*** Study material ***

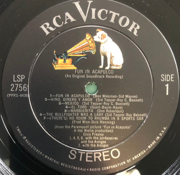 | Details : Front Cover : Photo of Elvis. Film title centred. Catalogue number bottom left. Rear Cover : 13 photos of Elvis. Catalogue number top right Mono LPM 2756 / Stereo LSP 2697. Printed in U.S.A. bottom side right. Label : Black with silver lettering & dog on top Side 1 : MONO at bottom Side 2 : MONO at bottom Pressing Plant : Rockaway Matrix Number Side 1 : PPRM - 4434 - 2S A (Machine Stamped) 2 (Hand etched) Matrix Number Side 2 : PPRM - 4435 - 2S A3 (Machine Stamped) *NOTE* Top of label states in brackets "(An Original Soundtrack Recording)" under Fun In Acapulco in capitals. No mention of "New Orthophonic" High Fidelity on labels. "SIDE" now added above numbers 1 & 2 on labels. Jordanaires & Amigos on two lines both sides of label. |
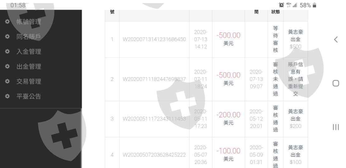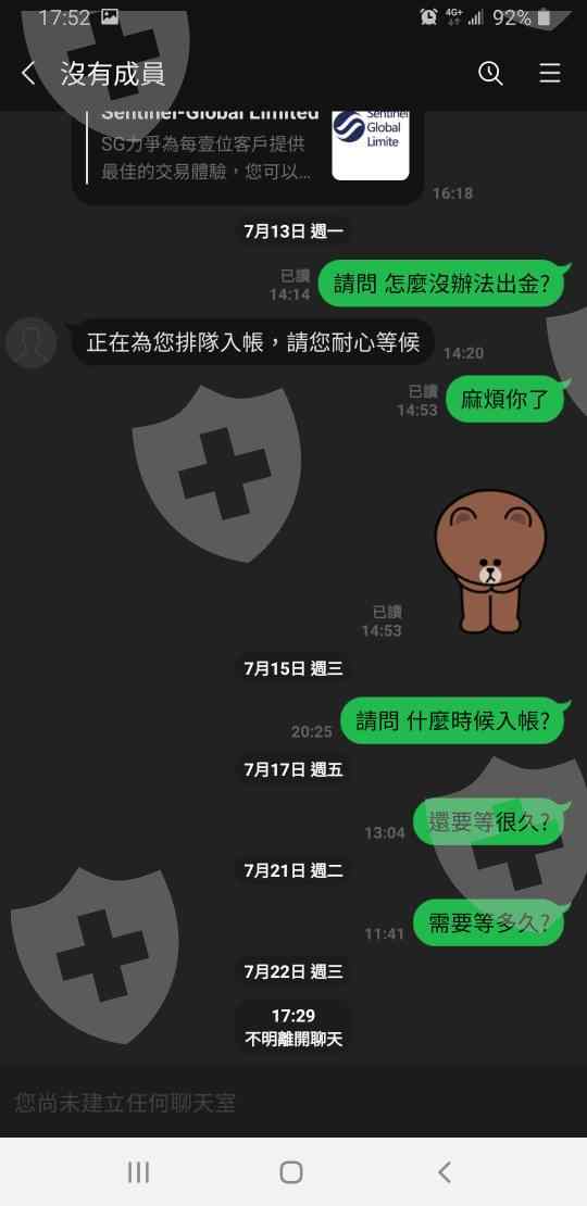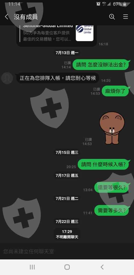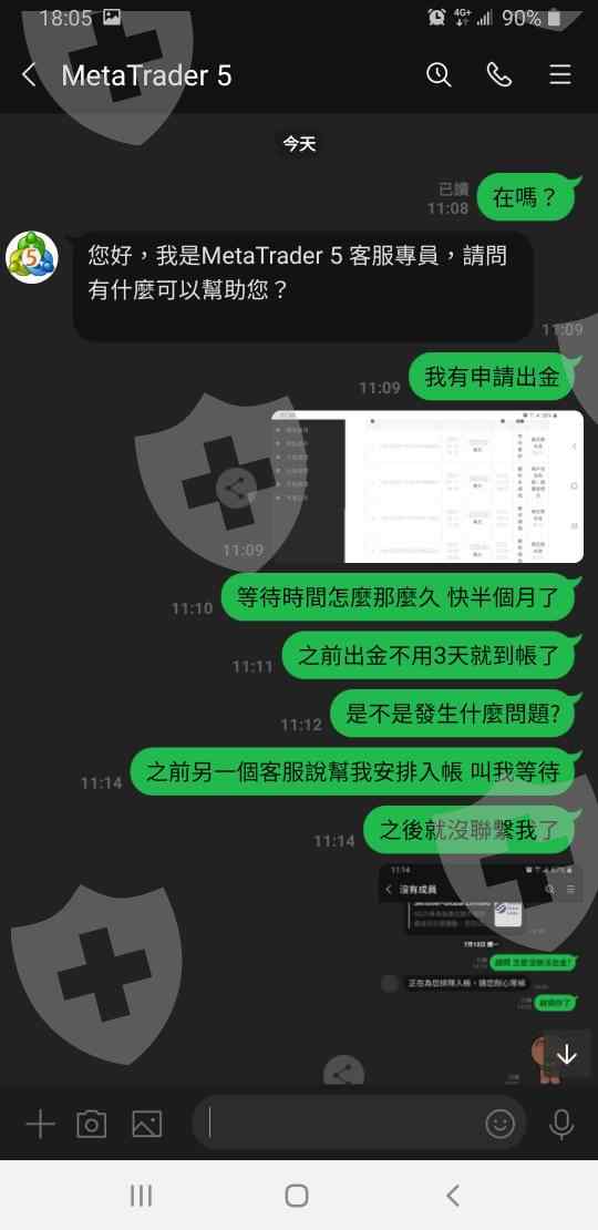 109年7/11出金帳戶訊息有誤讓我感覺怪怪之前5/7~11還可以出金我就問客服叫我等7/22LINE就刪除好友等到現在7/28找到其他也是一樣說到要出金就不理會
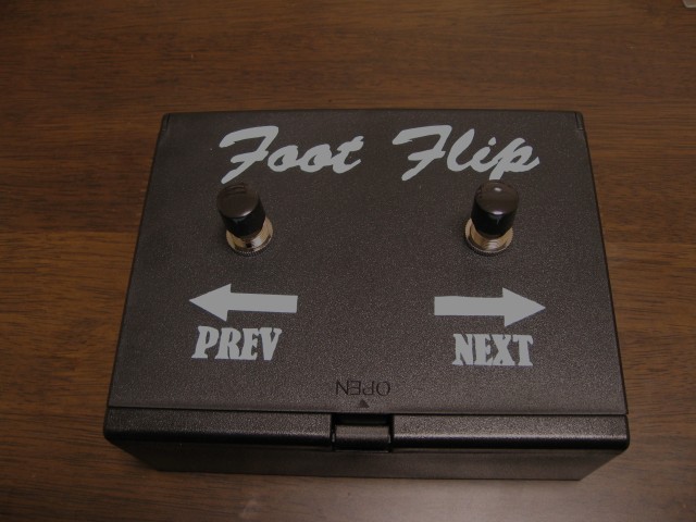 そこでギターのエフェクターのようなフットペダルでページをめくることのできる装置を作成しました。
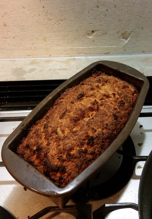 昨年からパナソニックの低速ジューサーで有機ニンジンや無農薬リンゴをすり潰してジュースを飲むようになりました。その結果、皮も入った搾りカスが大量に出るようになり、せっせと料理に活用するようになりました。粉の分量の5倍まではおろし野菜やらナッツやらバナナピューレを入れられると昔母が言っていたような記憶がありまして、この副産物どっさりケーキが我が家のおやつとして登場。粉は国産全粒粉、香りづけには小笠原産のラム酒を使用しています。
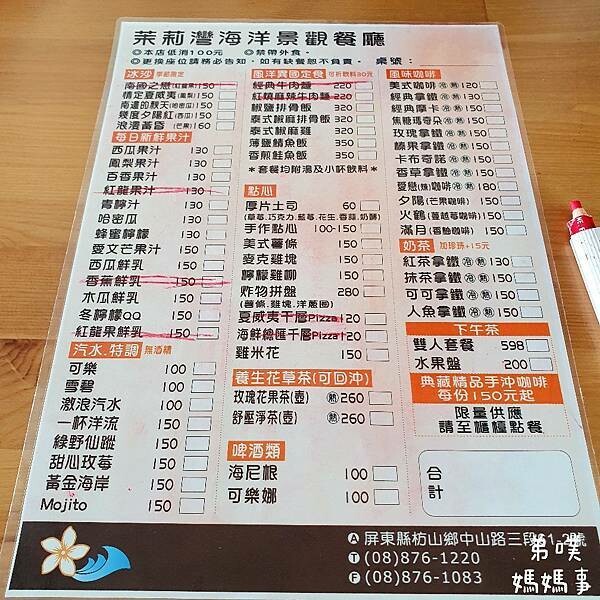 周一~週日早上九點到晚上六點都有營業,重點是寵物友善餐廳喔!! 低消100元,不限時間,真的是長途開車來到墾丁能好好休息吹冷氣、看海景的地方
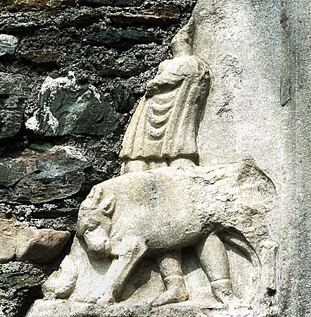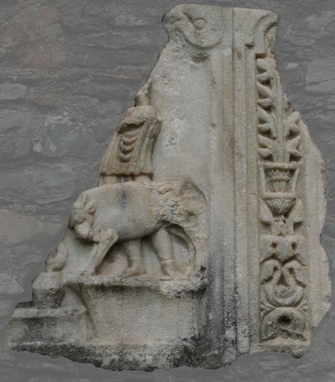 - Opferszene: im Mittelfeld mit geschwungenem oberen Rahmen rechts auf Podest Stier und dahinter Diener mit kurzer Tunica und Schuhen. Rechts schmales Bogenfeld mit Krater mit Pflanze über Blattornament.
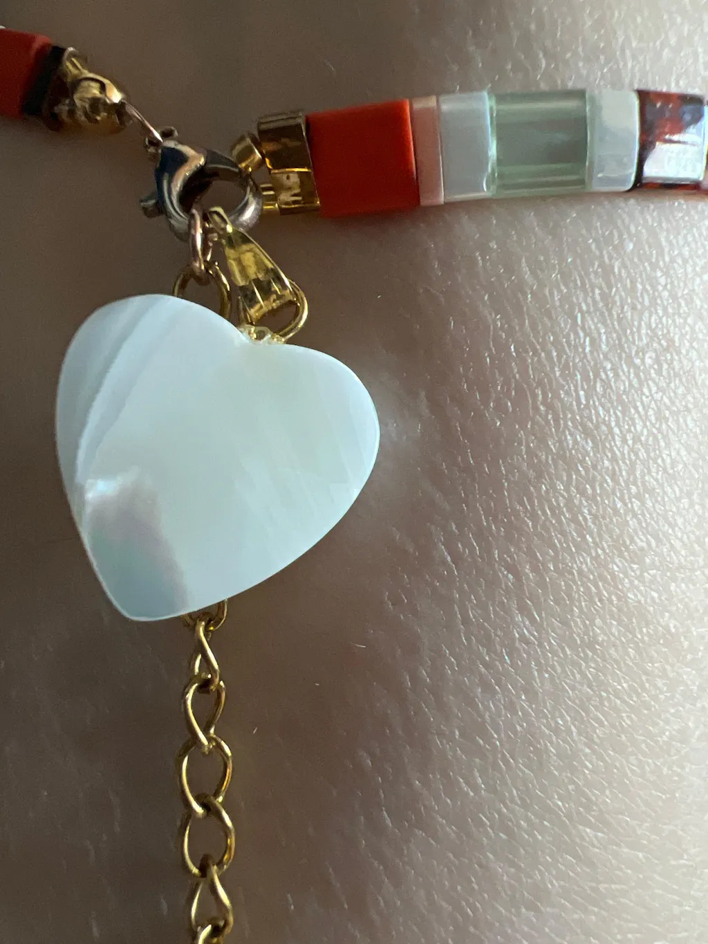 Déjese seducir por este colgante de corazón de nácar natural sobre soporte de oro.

*** End of Study material ***
*** Study material ***

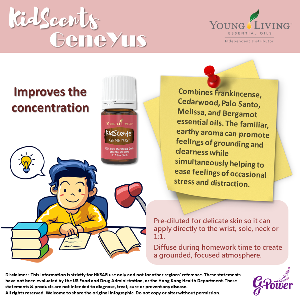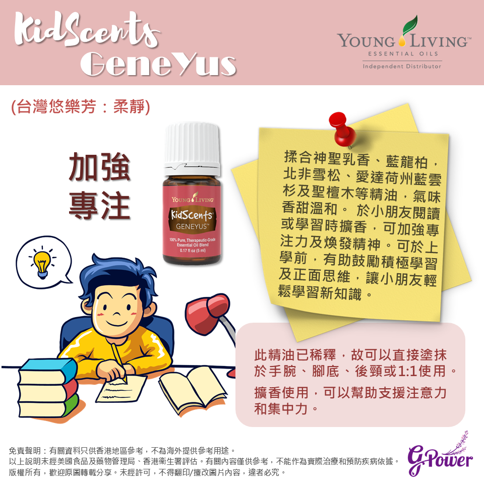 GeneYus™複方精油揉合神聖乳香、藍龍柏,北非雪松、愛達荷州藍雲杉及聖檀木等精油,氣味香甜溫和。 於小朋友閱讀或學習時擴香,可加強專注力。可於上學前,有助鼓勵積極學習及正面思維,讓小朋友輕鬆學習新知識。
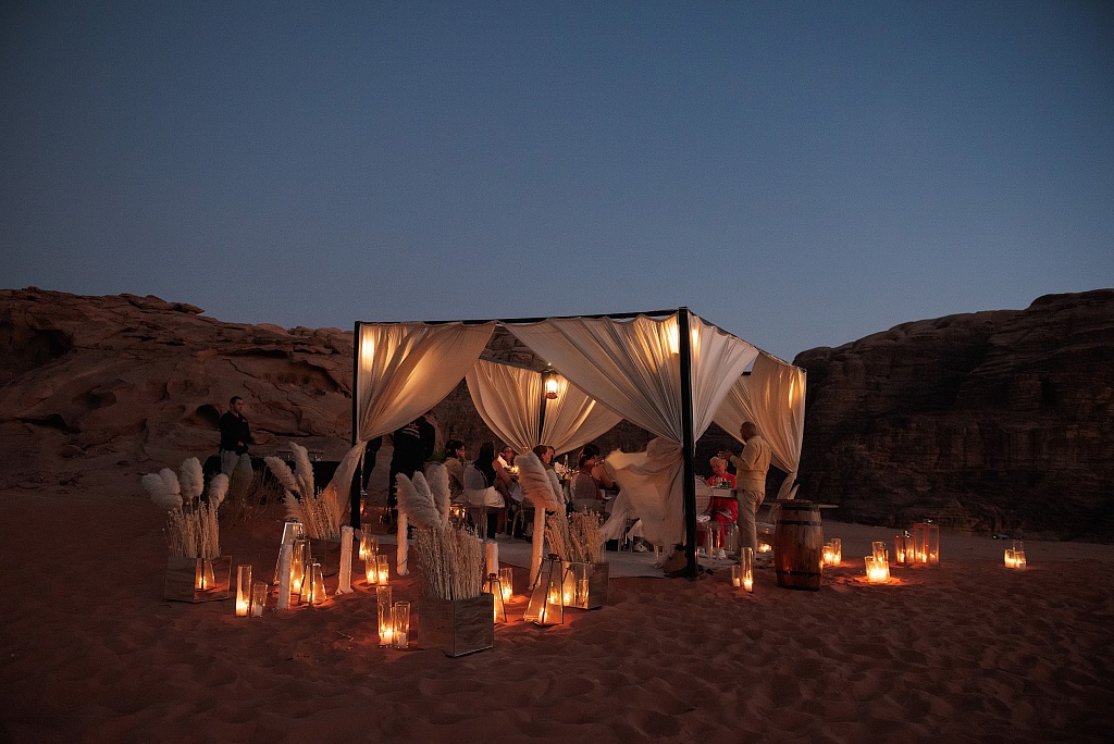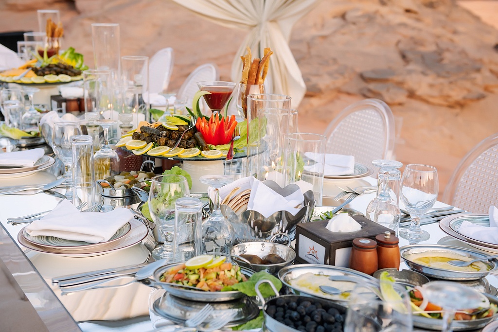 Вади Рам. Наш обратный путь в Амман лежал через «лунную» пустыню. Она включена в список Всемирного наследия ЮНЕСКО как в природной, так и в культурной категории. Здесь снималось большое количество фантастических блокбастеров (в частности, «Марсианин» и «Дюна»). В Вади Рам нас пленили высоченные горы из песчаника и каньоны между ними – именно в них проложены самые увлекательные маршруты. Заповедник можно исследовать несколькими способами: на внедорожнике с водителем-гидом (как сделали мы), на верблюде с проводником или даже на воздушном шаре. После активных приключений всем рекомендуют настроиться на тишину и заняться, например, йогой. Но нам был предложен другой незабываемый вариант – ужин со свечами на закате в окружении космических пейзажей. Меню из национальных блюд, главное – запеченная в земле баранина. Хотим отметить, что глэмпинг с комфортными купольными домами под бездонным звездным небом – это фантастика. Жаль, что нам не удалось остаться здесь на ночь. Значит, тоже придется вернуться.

*** End of Study material ***
*** Study material ***

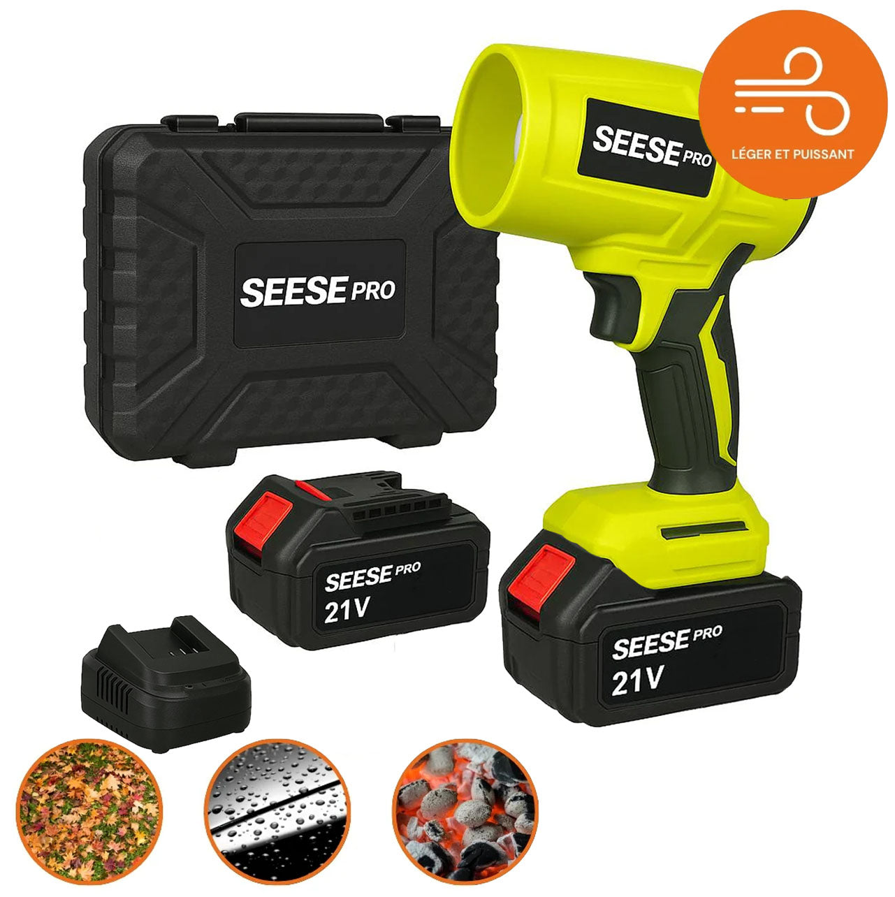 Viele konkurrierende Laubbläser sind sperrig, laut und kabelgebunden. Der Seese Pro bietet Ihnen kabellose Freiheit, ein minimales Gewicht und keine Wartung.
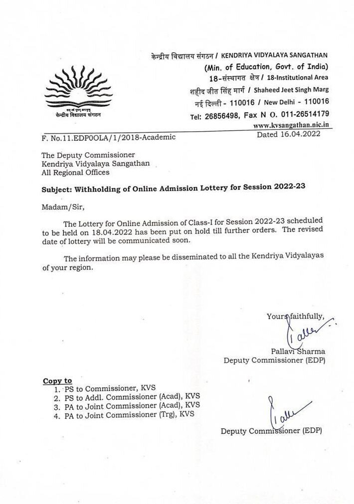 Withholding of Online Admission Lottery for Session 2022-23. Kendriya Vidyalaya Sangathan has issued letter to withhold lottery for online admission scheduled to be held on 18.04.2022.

*** End of Study material ***

» Work request: All that should appear in the answer is the lines above from the line with "昨年からパナソニックの低速ジ" through the line with "Déjese seducir por", retyped exactly, pictures left out.

» Written response:
 昨年からパナソニックの低速ジューサーで有機ニンジンや無農薬リンゴをすり潰してジュースを飲むようになりました。その結果、皮も入った搾りカスが大量に出るようになり、せっせと料理に活用するようになりました。粉の分量の5倍まではおろし野菜やらナッツやらバナナピューレを入れられると昔母が言っていたような記憶がありまして、この副産物どっさりケーキが我が家のおやつとして登場。粉は国産全粒粉、香りづけには小笠原産のラム酒を使用しています。
 周一~週日早上九點到晚上六點都有營業,重點是寵物友善餐廳喔!! 低消100元,不限時間,真的是長途開車來到墾丁能好好休息吹冷氣、看海景的地方
 - Opferszene: im Mittelfeld mit geschwungenem oberen Rahmen rechts auf Podest Stier und dahinter Diener mit kurzer Tunica und Schuhen. Rechts schmales Bogenfeld mit Krater mit Pflanze über Blattornament.
 Déjese seducir por este colgante de corazón de nácar natural sobre soporte de oro.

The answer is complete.